Microsoft's Chocolate Soup Social Software
Microsoft killed Spaces because it's forgotten how to do what it once did best: copy and extend.

There are a lot of copycats in the tech world. A lot of people steal things from each other, often blatantly. You have to wonder how Facebook, Twitter, and other big products manage to avoid this. I mean, how hard would it have been for Google, Microsoft, or IBM to rip off Facebook when it first appeared—or when it was growing like crazy? It baffles me.
This sort of failure began with blogging. Blogger and a few other systems emerged with a simple mechanism that would have been incredibly simple to copy. To an extent, the only company that took the hint was Wordpress, which stems directly from the early blogging concepts. Everyone else had to do it their own way, with many eschewing the simple yet powerful mechanisms established by Blogger.com. Eventually Google, a company loaded with coders, bought the service. That was laughable. Are you telling me that iGoogle could not have been written from scratch over a weekend?
I suppose that Google wanted the customers more than the code. At this point, no one can afford Facebook's customers.
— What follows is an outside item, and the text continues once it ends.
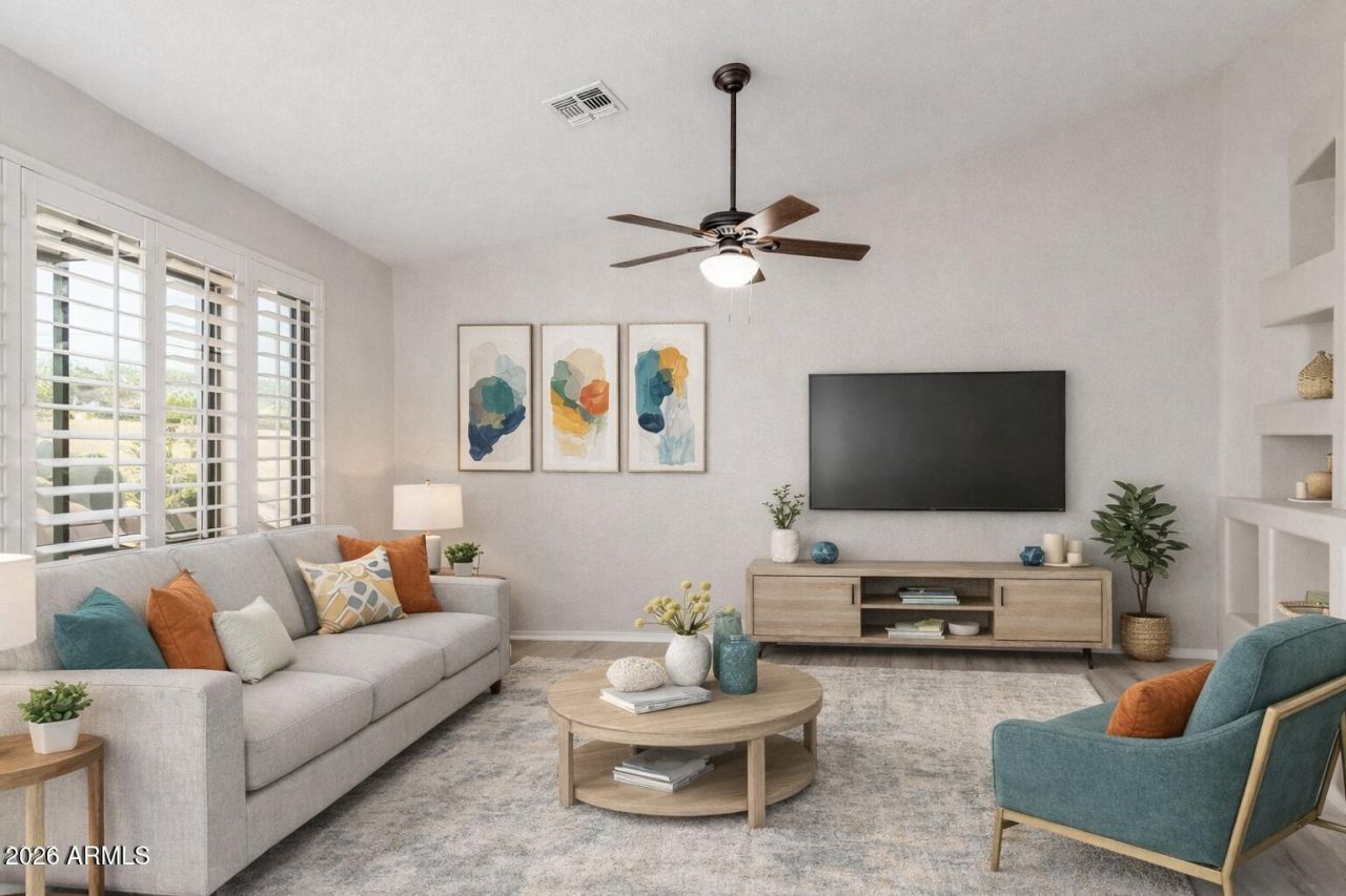 HUGE PRICE REDUCTION - Enjoy easy, low-maintenance living in this beautifully remodeled home located in a desirable 55+ active adult community of Arizona Traditions in Surprise. This single-level residence offers a bright, open floor plan ideal for comfortable everyday living and entertaining. The remodeled kitchen opens to the main living area, while the spacious primary suite provides a peaceful retreat. A secondary bedroom is perfect for guests, hobbies, or a home office.Relax in the low-maintenance backyard and take advantage of outstanding community amenities including golf, clubhouse, fitness center, pools, and a full calendar of social activities. Conveniently located near shopping, dining, medical facilities, and freeway access.

You'd think someone would have produced an exact clone by now. One company really comes to mind: Microsoft. When the blogging phenomenon was heating up, Microsoft was again behind the curve. It tried to rebound with Microsoft Live Spaces. This week, the company threw in the towel. Now it's asking customers to go to Wordpress.
Spaces arrived in 2004, years after the blogging phenomenon was established. And like many of Microsoft's online products, it missed the point. I'm not sure if the company has meetings trying to deconstruct the world outside of the Redmond compound, but it seems to be clueless. Microsoft's ideas about blogging are off-the-mark to this day. For some reason, there seems to be the impression that it's only about social networking and not about professional presentation and modern content management. In short, the entire MS interpretation is wrong.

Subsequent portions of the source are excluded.